— Что, ты, сказал Чопжу, я не понял? — протянул Святозар, услышав новые слова.
— Казал наседник Сиотозал, что такы я глешен, — вздыхая и все еще покачиваясь из стороны в сторону, пояснил лонгил.
— Какой-то у вас странный Бог, — заметил Святозар и усмехнулся. — Погляди какой он у тебя маленький, ты его под рубахой носишь, он простая деревяшка, а ты, человек, по сравнению с ним огромный и сильный…Наступи ты на него ногой и ничего от него не останется, лишь обломок дерева…. Разве Боги такие могут быть? Нет, конечно, не могут. Боги должны быть сильнее и мудрее тебя, они должны показывать свою силу, а иначе кто будет верить и уважать такие деревяшки. — Наследник на миг прервался увидев, как оробело на него уставился Чопжу, — да, и вообще, что это за вера у вас такая…Не успел родиться — грешен, грудь матери взял — грешен, на лошадь сел — грешен, жену взял — грешен. Ха…,- Святозар пожал плечами и спросил, — а, что же тогда не грешно делать?
Лонгил нанова выпучил свои глазки, и щелочки настолько увеличились, что наследник узрел испуганно бегающие из стороны в сторону черные зрачки. Чопжу тревожно потер ладони друг об дружку и тихо проронил:
— Жит по чыстому не глешно, — а после закрыл рот рукой.
— Это как по-чистому, — заинтересовался наследник и слегка подался телом вперед, точно жаждая вызнать весьма чего-то занимательное.
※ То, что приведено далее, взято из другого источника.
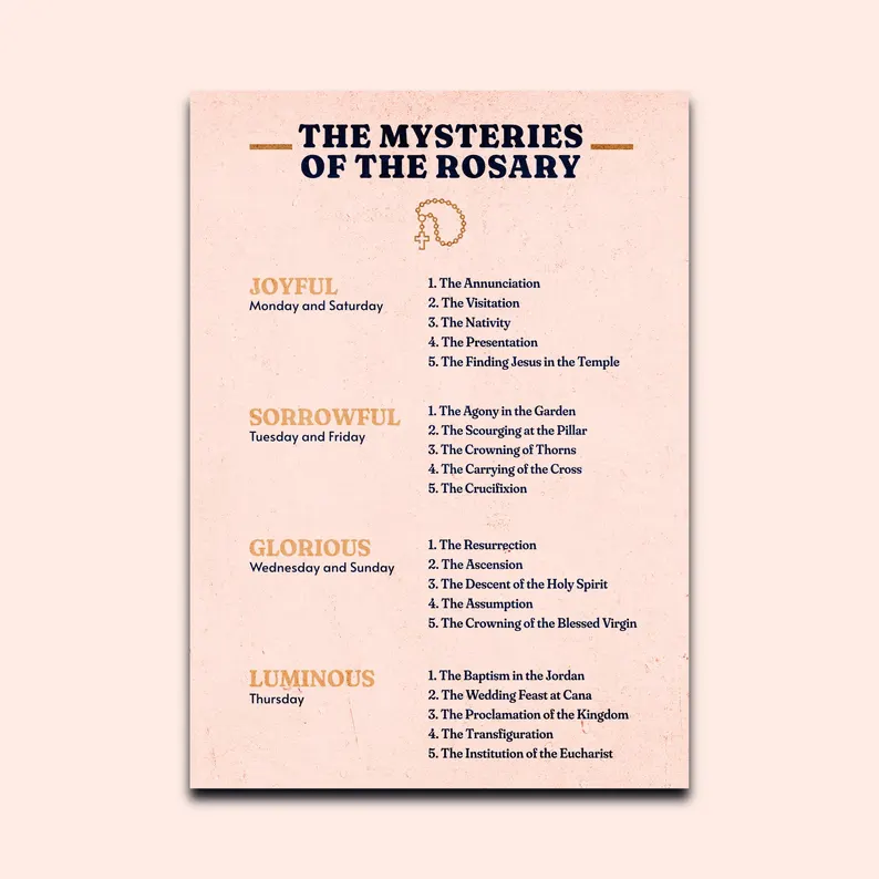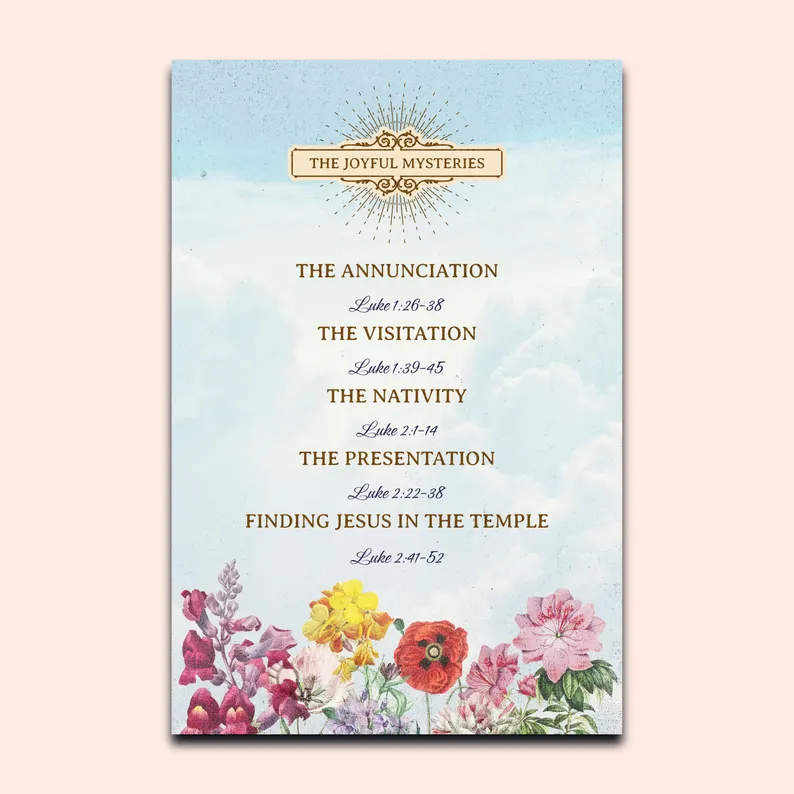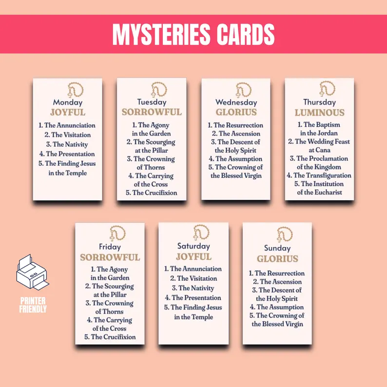 – 7 Tarjetas de Misterio: Tarjetas individuales imprimibles para rezar los Misterios del Rosario.
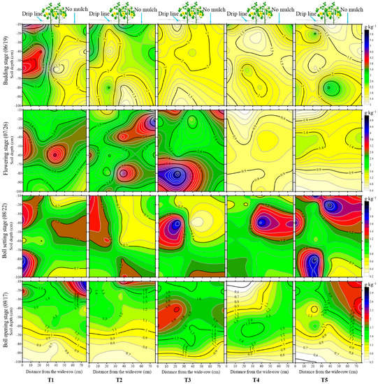 The soil salinity at the boll opening stage for the treatments was in the range of 0.6–2.0 g·kg−1. In the vertical direction, soil salinity for the T1 and T2 treatments, both inside and outside the film, gradually decreased with the increase in soil depth, and soil salt accumulated in the topsoil, especially in the 0–20 cm layer in inter-film zone. Soil salts in the top layer were leached to the 0–60 cm layer outside the film and the layer of 30–60, 60–80, and 40–70 cm inside the film for the T3, T4, and T5 treatments, respectively. Meanwhile, the soil salt in the 80–100 cm layer for treatments decreased with the increase in soil depth. In general, soil salinity in the horizontal direction for treatments reached the minimum value under the drip line, followed by the narrow row zone and the wide row zone, and had the maximum value in the inter-film zone. In the vertical direction, after drip irrigation, soil salinity inside the membrane first increased and then decreased with the increase in soil depth, with an oval shape formed under the drip tape.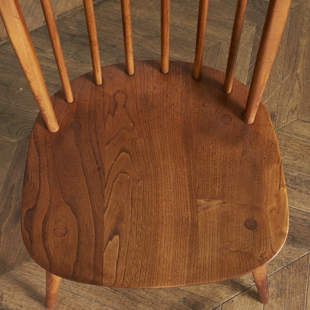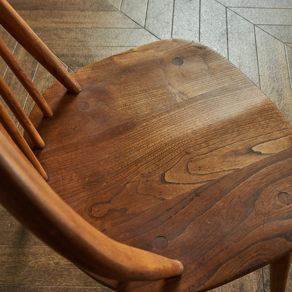 ERCOLのアイコン的存在であるウィンザーチェアシリーズの中で、最もオーソドックスなスタイルのフープバックチェアは「ボウバック(弓型の背もたれ)」という、クラシカルなデザインをベースに作られています。様々なバージョンがあり、背もたれのスポーク数が4本、5本、6本の3タイプ、座面はノーマル型とバイオリン型の2タイプ、大きさはノーマルサイズとラージサイズがあり、さらに6本スポークのチェアにはストレートレッグやアーム付きなどが存在し、その種類の豊富さもコレクター心をくすぐる大きな魅力となっています。特にスポーク5本タイプは流通量が少なく、希少性の高いアイテムです。

— Далекы степы бискайны, — зашептал Чопжу и боязливо оглянулся, будто страшась, что его кто-то может подслушать. — Около молы даликогы, лежат голы валикы. Жит тех голы без диты, без жены не глешно. Тогда жит голы валикы станыш потом как голы, как сам голы.
— Чего, чего, — не понимая пояснений лонгила, переспросил Святозар и порывчато замотал головой. — Какие валикы голы, ничего не разберу.
— Ох, наследник, — просыпаясь и усаживаясь на ложе, негромко откликнулся Лыбедь. — Вера у них такая…Тот кто живет с детьми и женой, тот грешен, после смерти обратиться в землю. А тот, кто живет по-чистому, уходит он в горы, что лежат где-то на берегу Белого океана, и живет в них, и тады после смерти сам становится горой.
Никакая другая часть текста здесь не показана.